(COLLECTED DATA):
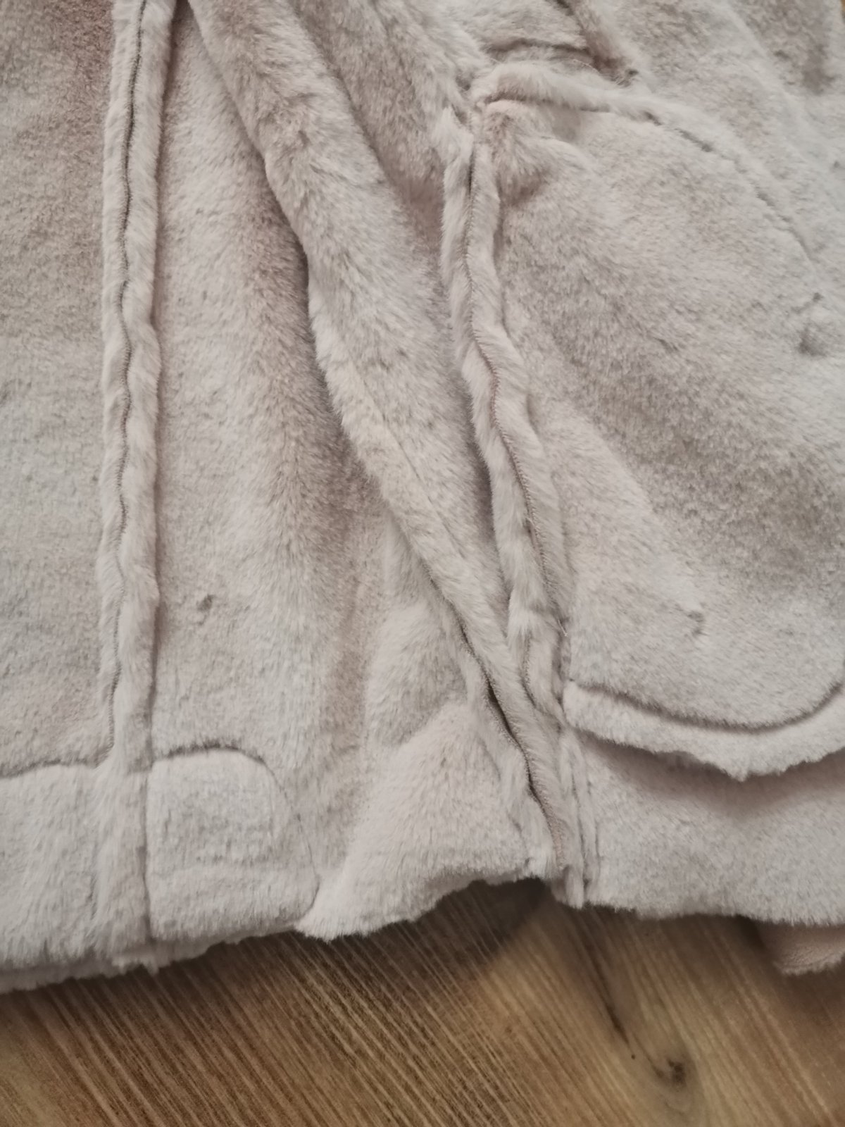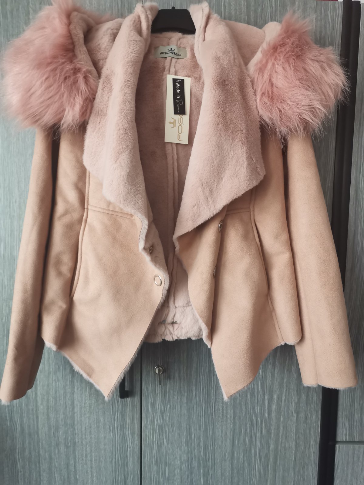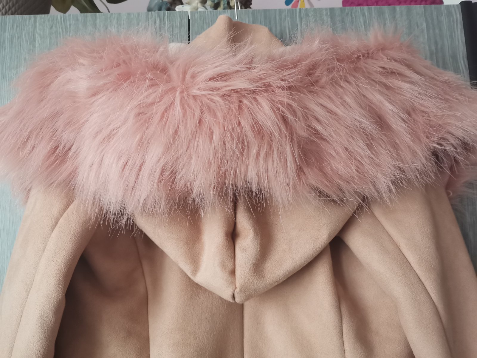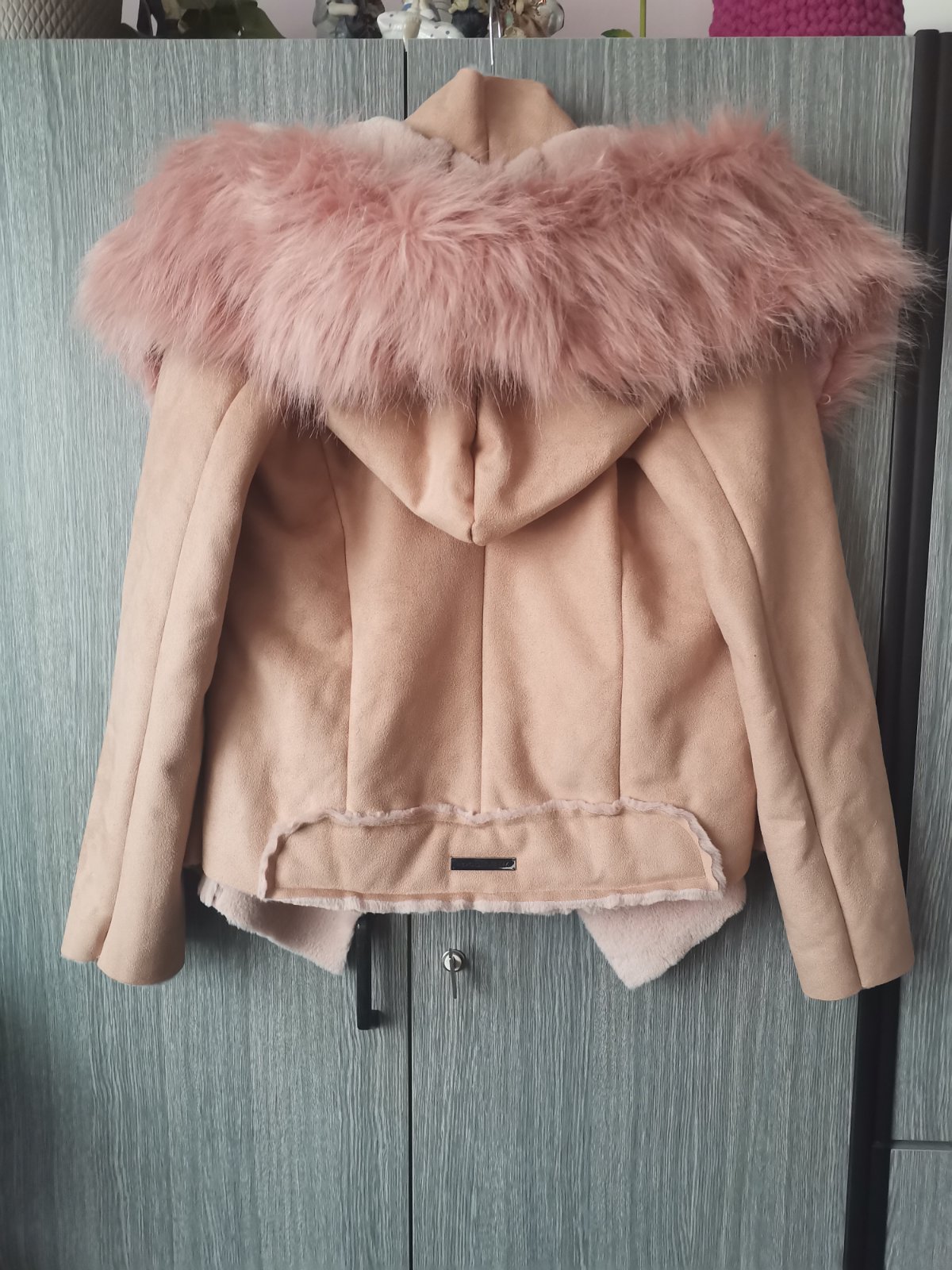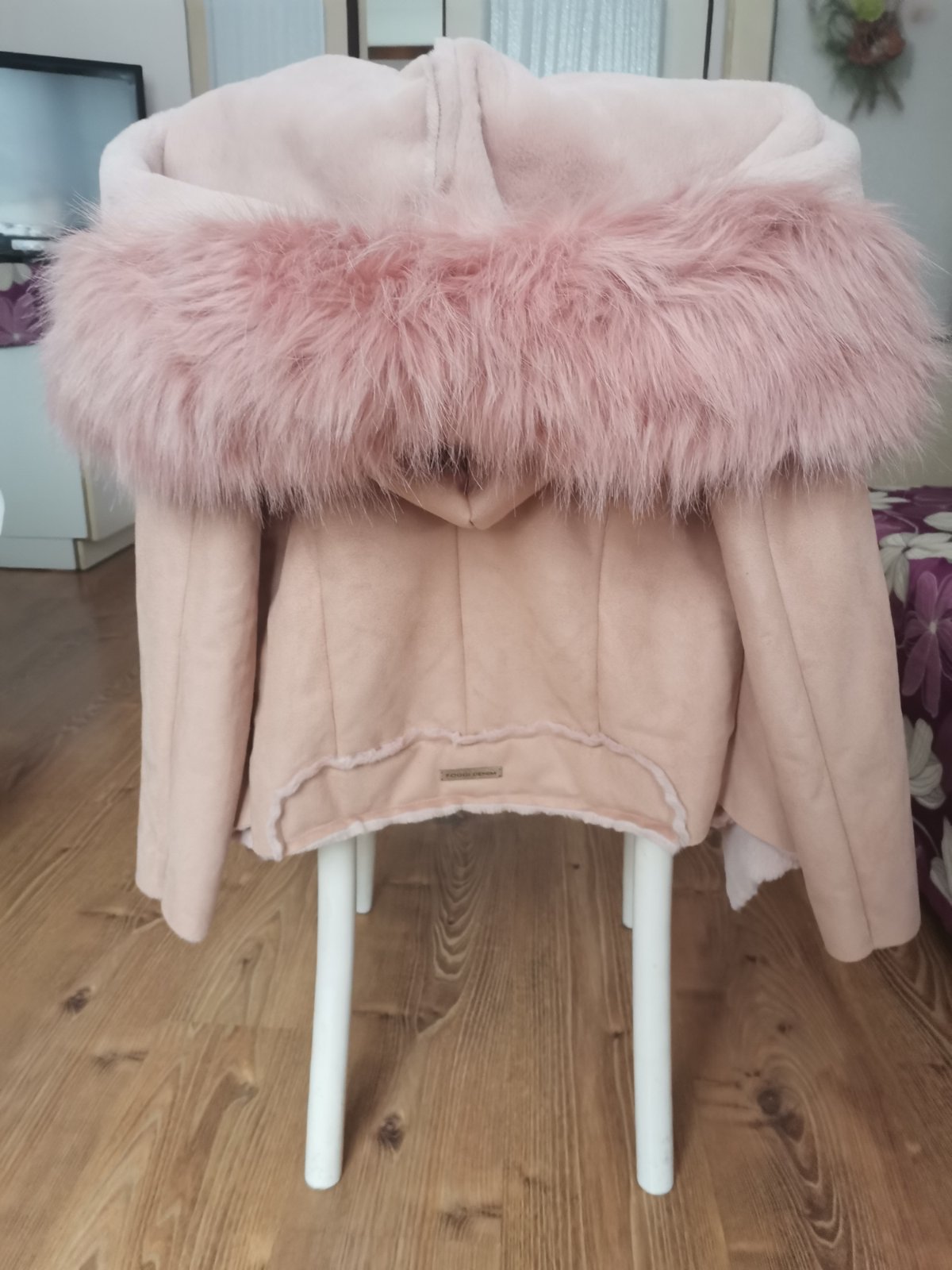 Bunda s veľkou kapucňou, odopína sa, farba béžová, trochu tmavšia ako na foto , kožušinka na kapucni s ružovým nádychom. Nová s visačkou.
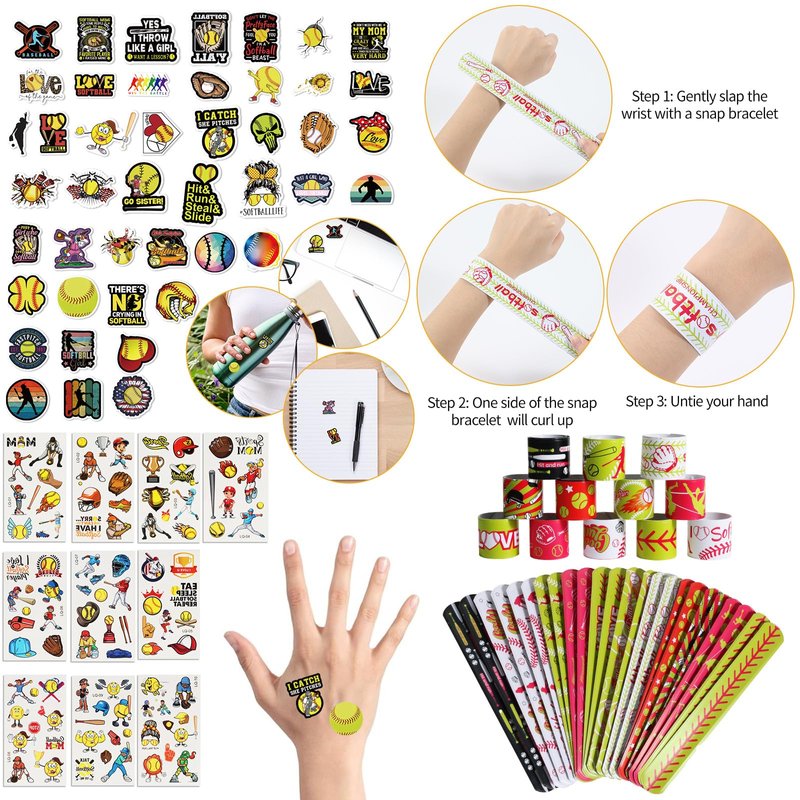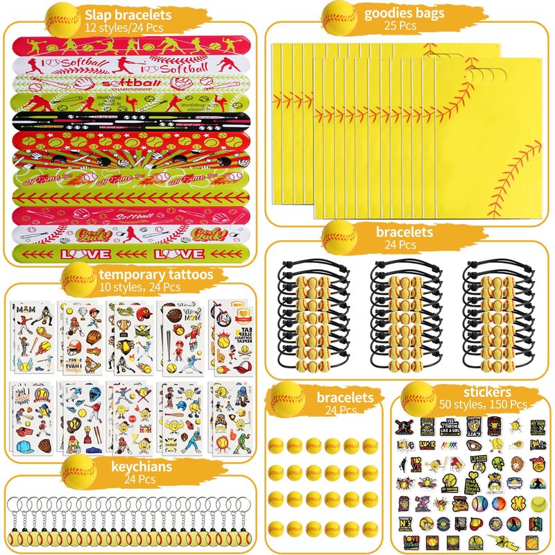 295 Pieces Softball Party Favors Supplies Set Bulk Mini Softball Slap Bracelet Tattoo Sticker Keychain Adjustable Bracelet Goodie Bag Fillers for Sports Softball Party Gifts Bags (Softball)
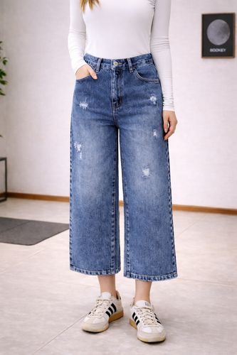 ناموجودشلوار بوتکات زنانه دمپا ریش آبی ابر و بادی کد 10013
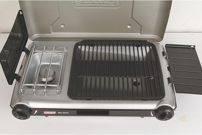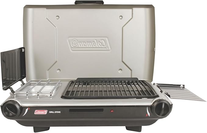 Coleman Tabletop 2-in-1 Grill & Stove with 2 Adjustable Burners, Propane Grill/Stove with Push-Button Starter, Wind Guards, Grease Tray, & 20,000 BTUs of Power for Camping, Tailgating, & More

(AIM OF THE TASK): All that is needed here is the run of lines from the one containing "295 Pieces Softball" through the end of the material above, reproduced exactly and without pictures.

(EXPECTED OUTPUT):
 295 Pieces Softball Party Favors Supplies Set Bulk Mini Softball Slap Bracelet Tattoo Sticker Keychain Adjustable Bracelet Goodie Bag Fillers for Sports Softball Party Gifts Bags (Softball)
 ناموجودشلوار بوتکات زنانه دمپا ریش آبی ابر و بادی کد 10013
 Coleman Tabletop 2-in-1 Grill & Stove with 2 Adjustable Burners, Propane Grill/Stove with Push-Button Starter, Wind Guards, Grease Tray, & 20,000 BTUs of Power for Camping, Tailgating, & More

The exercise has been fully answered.